친수성 아스코르빈산(L-ascorbic acid)과 소수성 토코페롤(${\alpha}$-tocopherol)을 모두 함유하는 ethosome 베시클을 제조하면서 이들의 특성을 살펴보았다. Ethosome에 포집되는 아스코르빈산 수용액 농도가 증가할수록 베시클 입자 크기는 작아졌다. 토코페롤은 HPC에 혼합되어 ethosome 베시클 액정막의 구성 성분이 되는데 토코페롤 혼합에 의해 베시클 입자크기와 아스코르빈산 수용액의 포집효율이 다소 증가하였다. 그러나 혼합비율이 25 wt% 이상이 되면 베시클 막이 불완전한 액정구조로 변하면서 입자크기는 크게 증가하고 포집효율은 크게 감소하였다. 아스코르빈산과 토코페롤이 함께 ethosome에 포집되어 있을 때 항산화 효능이 고온($40^{\circ}C$)에서도 5주간 안정하게 유지됨을 확인하였다. UV 조사 실험에서도 아스코르빈산은 수용액 상태로 있을 때에 비해 ethosome에 포집되어 있을 때 안정성이 향상되었다.

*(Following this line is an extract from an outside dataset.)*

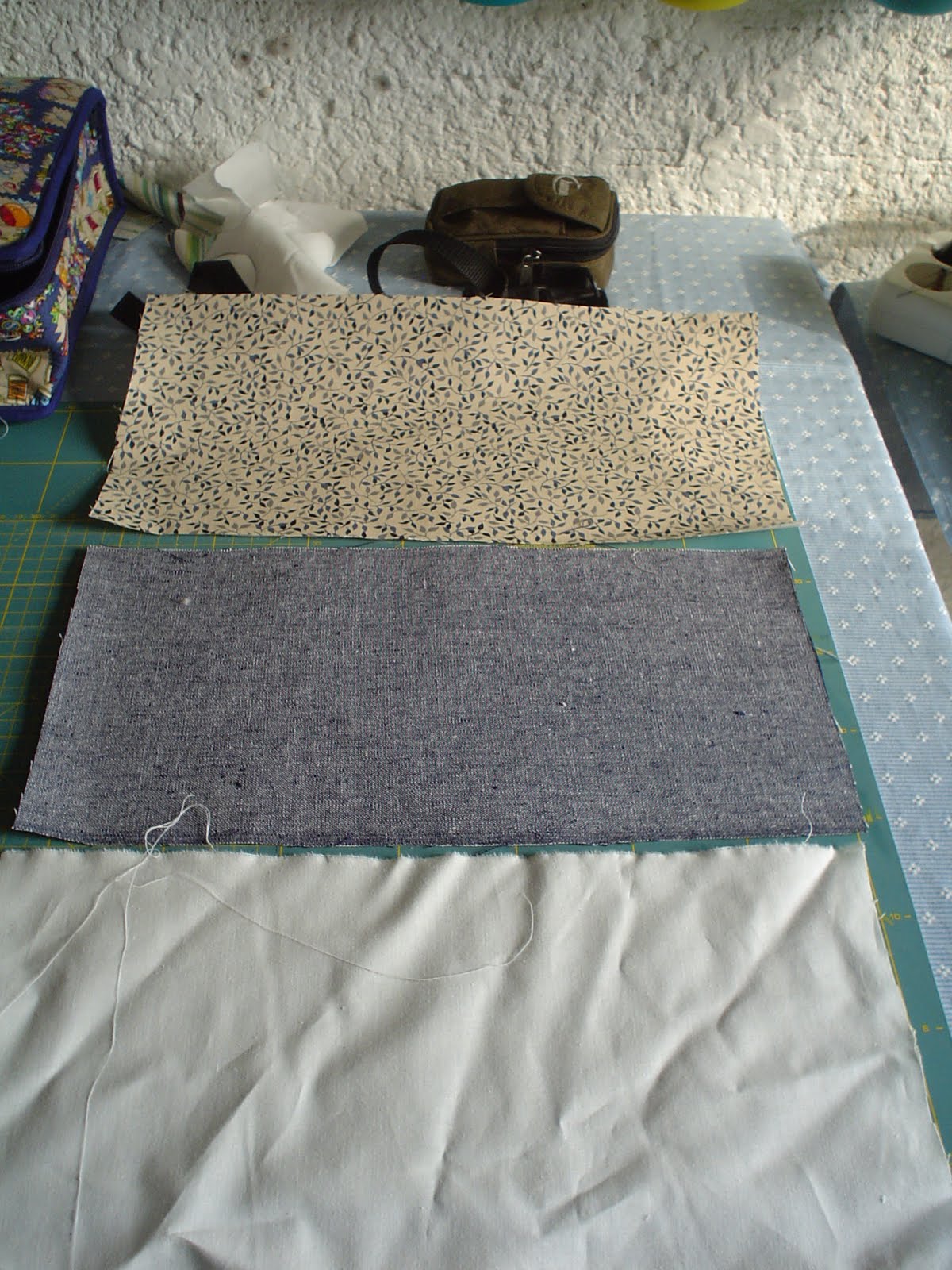 Primero cortaremos tres tozos de tela de la misma medida, uno en una tela de algodon cualquiera, no importa el color, ya que sera la base donde montaremos las otras dos telas, y los otros dos en telas claramente contrastadas para que se vea bien el dibujo.

Coencapsulation of hydrophilic L-ascorbic acid and hydrophobic ${\alpha}$-tocopherol in ethosome vesicles was attempted and their properties were investigated in this study. The size of vesicles decreased with increasing concentration of L-ascorbic acid solution encapsulated in ethosome. The vesicle size and encapsulation efficiency of ethosomes increased slightly when ${\alpha}$-tocopherol was added into the HPC-forming liquid crystalline membrane of ethosome. However, the vesicle size increased highly and the encapsulation efficiency decreased abruptly at mixing ratios above 25 wt% due to the formation of an imperfect liquid crystalline structure within a vesicle membrane. It was observed that antioxidant activity was maintained for 5 weeks at $40^{\circ}C$ when L-ascorbic acid and ${\alpha}$-tocopherol were coencapsulated in ethosome. The L-ascorbic acid in ethosome was stable compared to that in aqueous solution under UV radiation.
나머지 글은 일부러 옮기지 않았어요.